Clear Horizons is also responsible for providing the electrical tie-in equipment to the local power grid and markets the power it generates at what is called the power retailer’s biogas buy-back rate. Unfortunately, Clear Horizons is not in a competitive market for its power and sells it to whoever is the local power provider at whatever their buy-back rate is. That situation could change soon.

“There is legislation introduced in Wisconsin that would allow the Public Service Commission, which oversees the utilities, to set a specific rate to even the playing field for all utilities and all biogas producers,” says Karl. “We’re absolutely in favor of that because right now it is a very unfair system. The majority of the utilities in Wisconsin are very hesitant to pay a reasonable rate for biogas-generated power because it is more costly than their other energy sources, which is mainly coal.”

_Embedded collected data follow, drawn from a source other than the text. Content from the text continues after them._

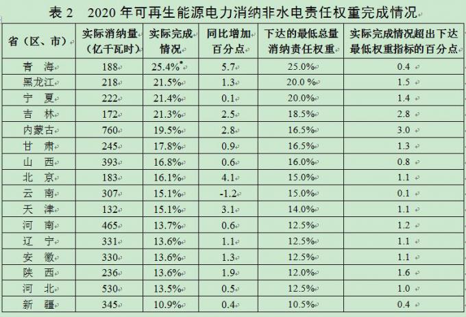 备注:1.青海省加上了河南省转让的12亿千瓦时超额消纳量;
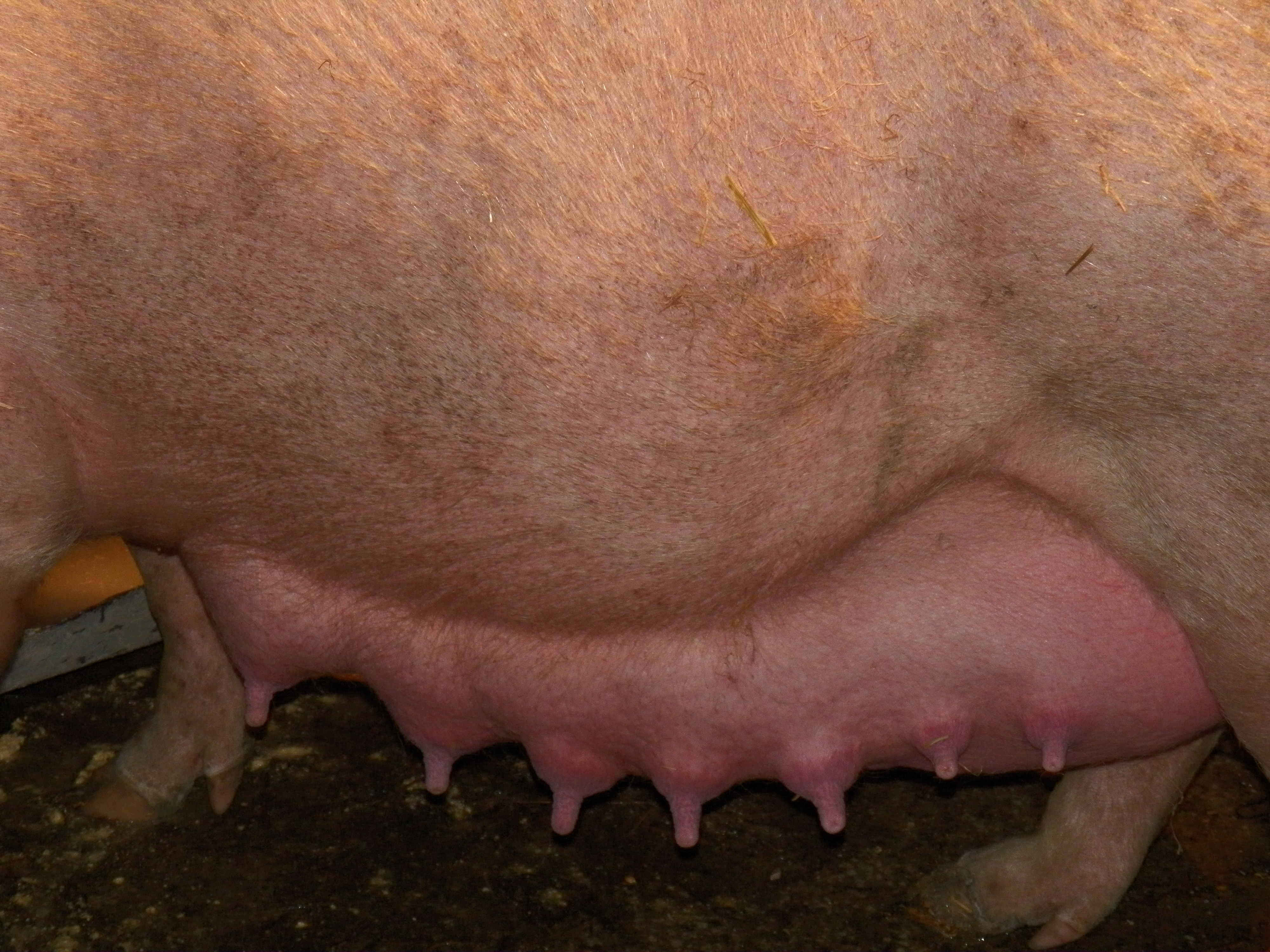 Sows are selected when they are small gilts (little girl pigs) One of the criteria is for her to have fourteen teats. I have had a sow give birth to fourteen once, but she only raised thirteen…I called them the “dirty dozen”, after all they were a “baker’s dozen”. 😮
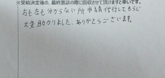 長い間激務をされた方でした。現状を見ると2級相当とお見受けしましたが、診断書は軽めに記載されておりました。上申書や福祉サービスの利用状況など申し立て、3級の5年遡及で認定されました。お母さまと最終面談でお話ししましたが、ご本人はもちろんのこと、ご家族にとっても、障害年金は大きな安心をもたらします。必要な方に年金を受給して頂けるようこれからも頑張ろうと思いました。引き続きかかりつけ社労士としてお付き合いすることになりました。
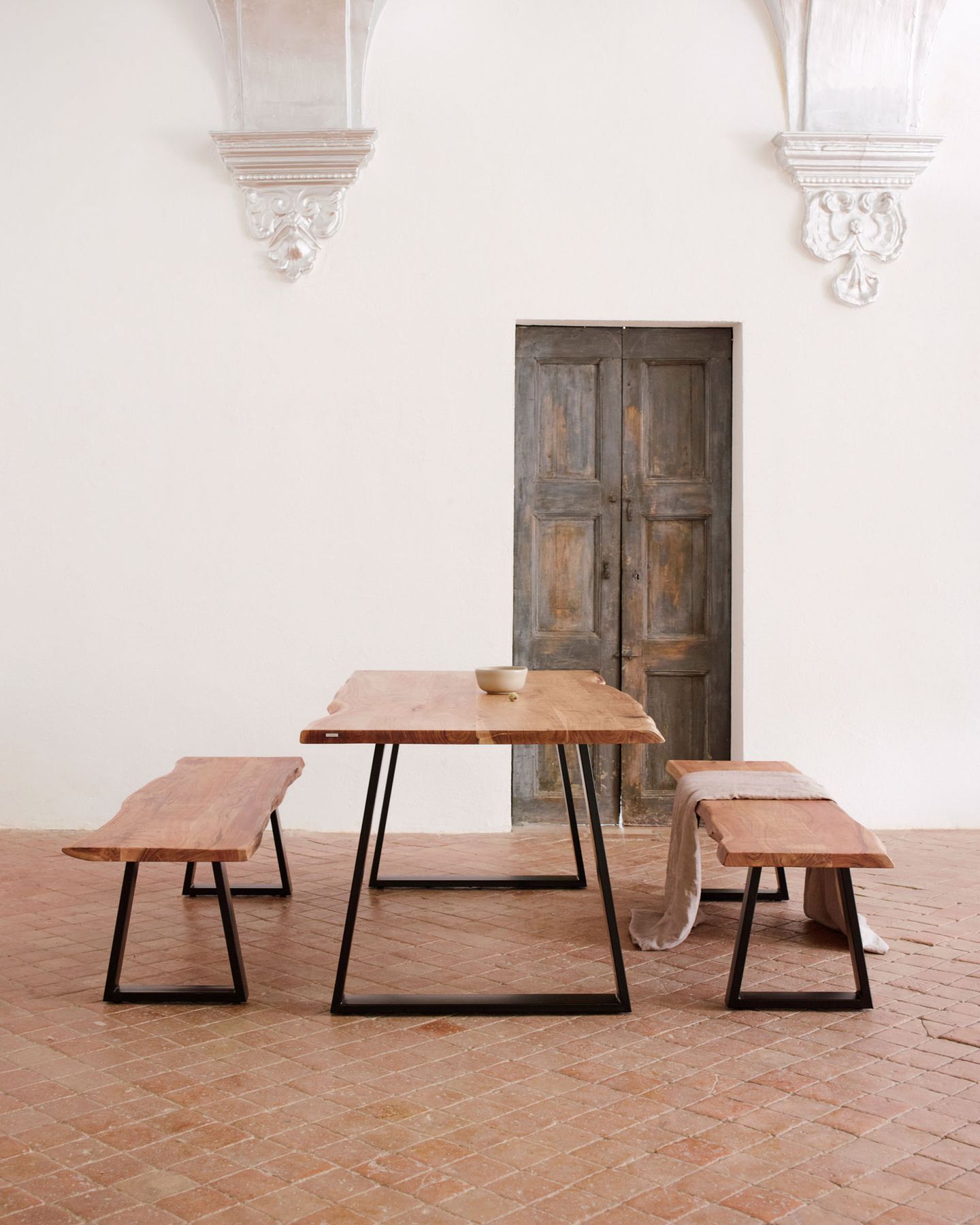 Стол Sono от фабрики La Forma – нескромные габариты для интерьера в стиле минимализм. Стол Sono – безупречная модель для стильных городских интерьеров, где акцент сделан на натуральные материалы, необычную геометрию, функциональность. Изделие состоит всего из трех элементов, оно конструктивно и внешне полностью соответствует минимализму. А прочная и массивная столешница – это явный плюс, чтобы присмотреться к этому столу получше. Стол прямоугольной формы. Для изготовления столешницы использовался массив натурального дерева (акация). Благодаря щадящей технологии обработки, сохранена фактура дерева, имеются неровности по краям, небольшие зазоры между досками. Все это придает изделию уникальный и самобытный внешний вид. Для защиты от негативных воздействий во время эксплуатации, столешница покрыта полиуретаном. Ее толщина составляет 4 см, что гарантирует прочность и надежность, даже при высоких весовых нагрузках. Опоры сделаны из металла, покрытого черной эпоксидной краской. Они имеют форму рамочных трапеций с шириной грани 9,5 см. Размеры стола: длина – 160,180, 200, 220 см (зависит от выбранной модели), ширина – 90, 95,100 см, высота – 76 см. Опоры потребуется прикрутить самостоятельно. Инструкция и крепеж включены в комплектацию.

Right now, about 50 percent of Clear Horizons’ revenue from the Crave dairy project comes from power sales and 50 percent from secondary markets related to the compost. Karl says having those secondary markets is crucial for the operation to turn a profit because if the biogas-to-energy company depended solely on the sale of power, it would require about 15 to 20 cents per kilowatt hour, while the average rate in Wisconsin is only five to six cents per kilowatt hour.

Marketing all the compost produced in a timely fashion has been a challenge because Clear Horizons is producing and stockpiling compost every day while the market for compost tends to be seasonal, such as when landscapers are busy. So the company has developed some of its own compost-based retail products, such as EnerGro, which is a growing medium for potting mixes to complement its bulk compost sales to wholesalers. Clear Horizons also sells the compost as bedding to other dairy farms. About half the compost produced at the Crave Dairy is used by the dairy as bedding with the remainder sold in various forms and ways by Clear Horizons.

Crave Brothers Dairy hires a custom manure applicator that uses a drag hose system to apply the accumulated liquid in its lagoon to its cropland.

“We hire a custom applicator that has pumps and hoses, a tractor with GPS, a flow meter and mapping system all on the tractor,” says Tom Crave. “We have a nutrient management plan, which is part of our permit for large farms, and every field is identified and has a plan. In fact, it is a five-year plan according to what we are going to plant.”

He says the owners aren’t terribly concerned that they have relinquished a lot of control of their manure management to an outside company because of the many benefits they derive from the partnership.

“No, we don’t have any concerns about that at this time,” says Tom, “because we are still able to use the compost for bedding and we get the liquid to put on our land, so it’s a win-win for both of us. We are happy and I think they are happy also.”